يحاول ذهب - حر
Defused
May 13, 2025
|The Philippine Star
India and Pakistan have been warring for decades over competing claims over the Kashmir.
The world might have chosen to ignore this irresolvable squabble over landlocked territory high up the mountains had it not been for one thing: both countries are armed with nuclear weapons.
A turn for the worse could lead to a nuclear exchange. No one wins a nuclear war.
The latest outbreak of hostilities between the two countries lasted for three-and-a-half days. Although happening out of the range of the world's main media channels, this short-lived war was intense and destructive.

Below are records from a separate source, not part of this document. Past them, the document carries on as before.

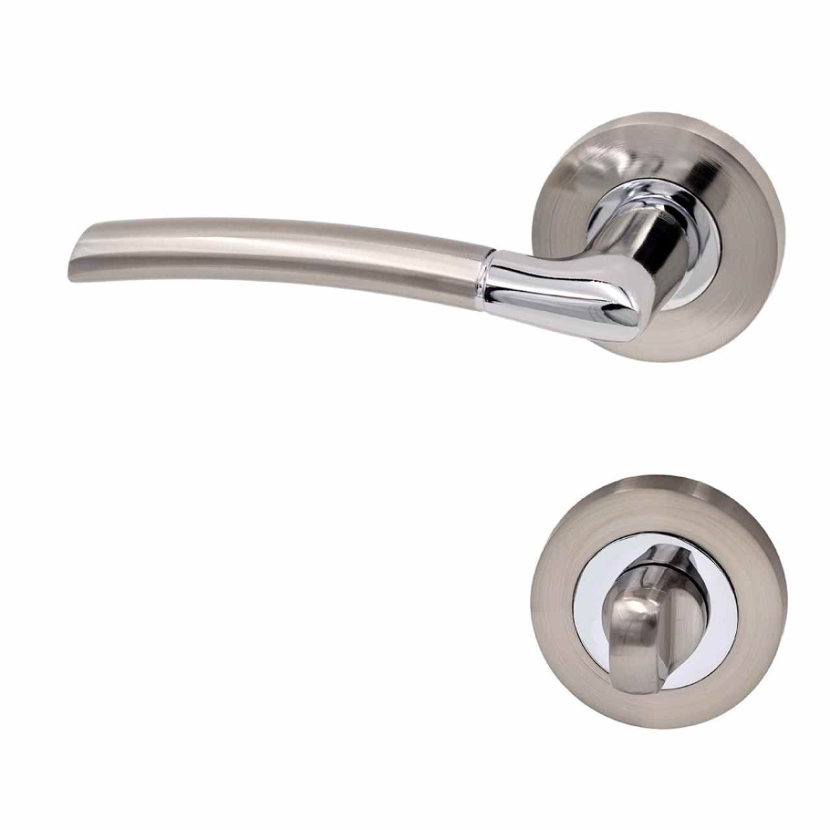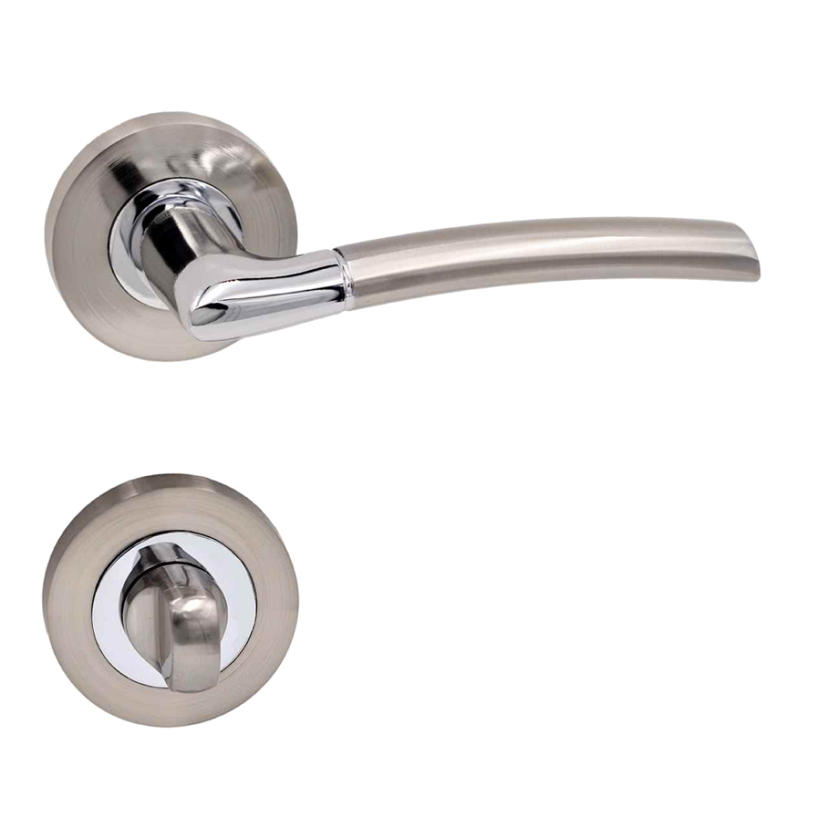 Modern stílusú, körrozettás, rugós müködtetésű, toalett záras ajtókilincs. Szatén és króm felülettel, mosdó, wc ajtókhoz. Letisztult formájának köszönhetően bármely enteriőrbe illeszkedik. Tartozékok: négyzetvas, rögzítőcsavarok.
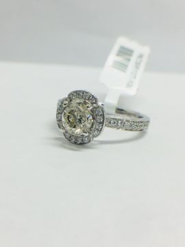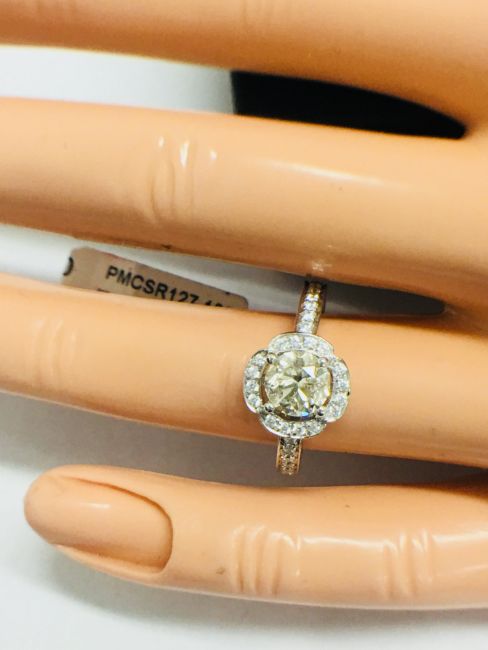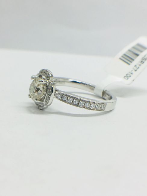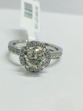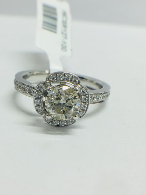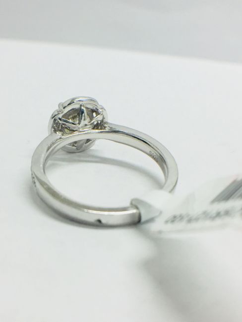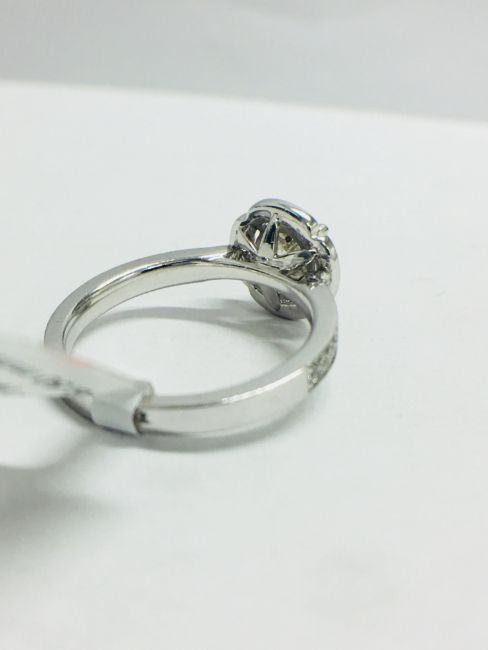 1.30ct total diamond weight,0.90ct centre diamond bRilliant cut,K colour,i1 clarity brilliant cut,0.30ct brilliant cut diamonds in the setting(34 stones),g colour,vs clarity,6.05gms platinum 950,london hallmark 2018.uk size L,condition new,no treatment to diamonds
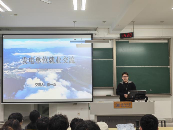 袁一泓作为学校首批三峡班的学员,重点介绍了三峡班的培养体系、发展路径与相关福利保障,详细对比了长江电力各区域单位、中广核、国网新源等单位发展概况,耐心解答了现场同学对于三峡班报考、培养等方面的疑问,为同学们拓宽择业思路提供了新的参考。
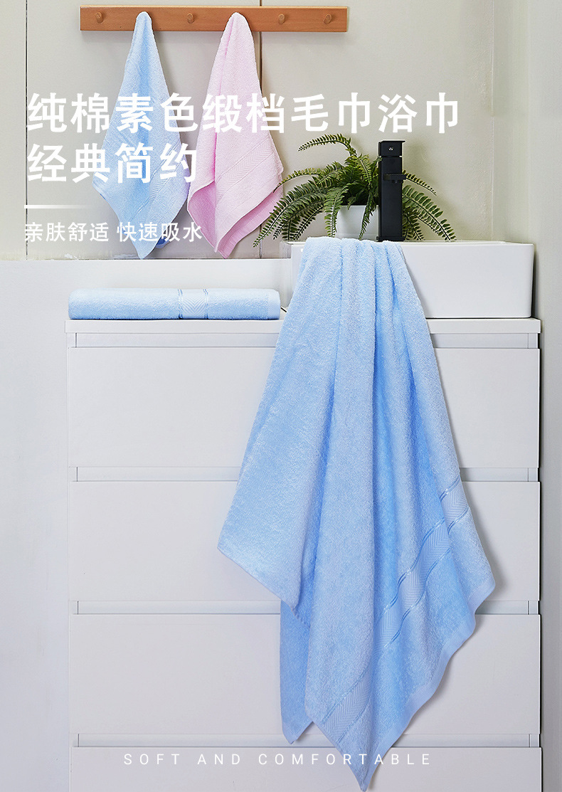 시계 414 추출 순면 목욕 타올 블루 파우더 단색 새틴 흡수성 타월 기숙사 청소년 편안한 독립 포장스토어 가기
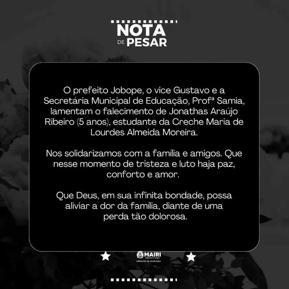 Jonathas Araújo Ribeiro, de 5 anos, morreu após ser baleado durante uma confusão na Avenida Sete de Setembro, na cidade de Mairi, a cerca de 300 km de Salvador, na madrugada do último domingo (15). Até o momento, ninguém foi preso.
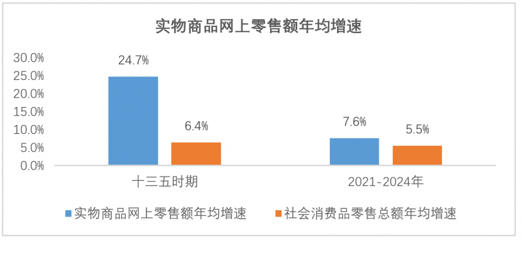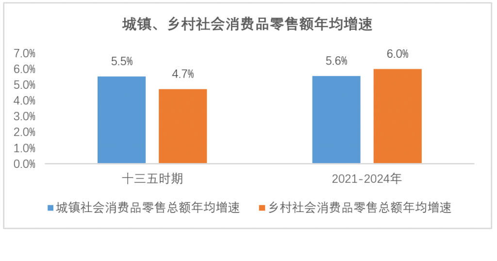 6、乡村消费品市场实现较快增长。在乡村全面振兴、县域商业体系建设、汽车家电下乡等政策的推动下,我国县、乡、村商贸流通体系逐步建立、县域商业基础设施不断完善、工业品下乡和农产品进城渠道更加畅通,农民增收与农民消费提质扩容呈现良性循环,乡村消费品市场规模实现较快增长。2021年至2024年,乡村社会消费品零售总额年均增长6%,增速快于城镇0.4个百分点,快于“十三五”时期乡村增速1.3个百分点。

The combatants fired innumerable missiles at each other. Major air battles involving scores of fighter jets broke out. Before other countries intervened to pressure both India and Pakistan to agree to an immediate and unconditional ceasefire, Indian airpower devastated most of Pakistan's military installations — including those that presumably hosted nuclear weaponry.
The dispute between the two large countries began as soon as they won independence in 1947. The British, who colonized the subcontinent, decided to break the territory up into Muslim-majority Pakistan (including East Pakistan, now Bangladesh) and Hindu-majority India. As they did when they withdrew from the Middle East, the British drew the boundaries in haste, neglecting ethnicities.
In the Middle East, the withdrawing colonial power completely neglected the area inhabited by the Kurds. This distinct nationality is now distributed in areas of Turkey, Iran, Syria and Iraq. Kurdistan could have been a separate nation.
So is Baloschistan, now divided and distributed between Iran and Pakistan. There is a lingering armed rebellion waged by this distinct nationality.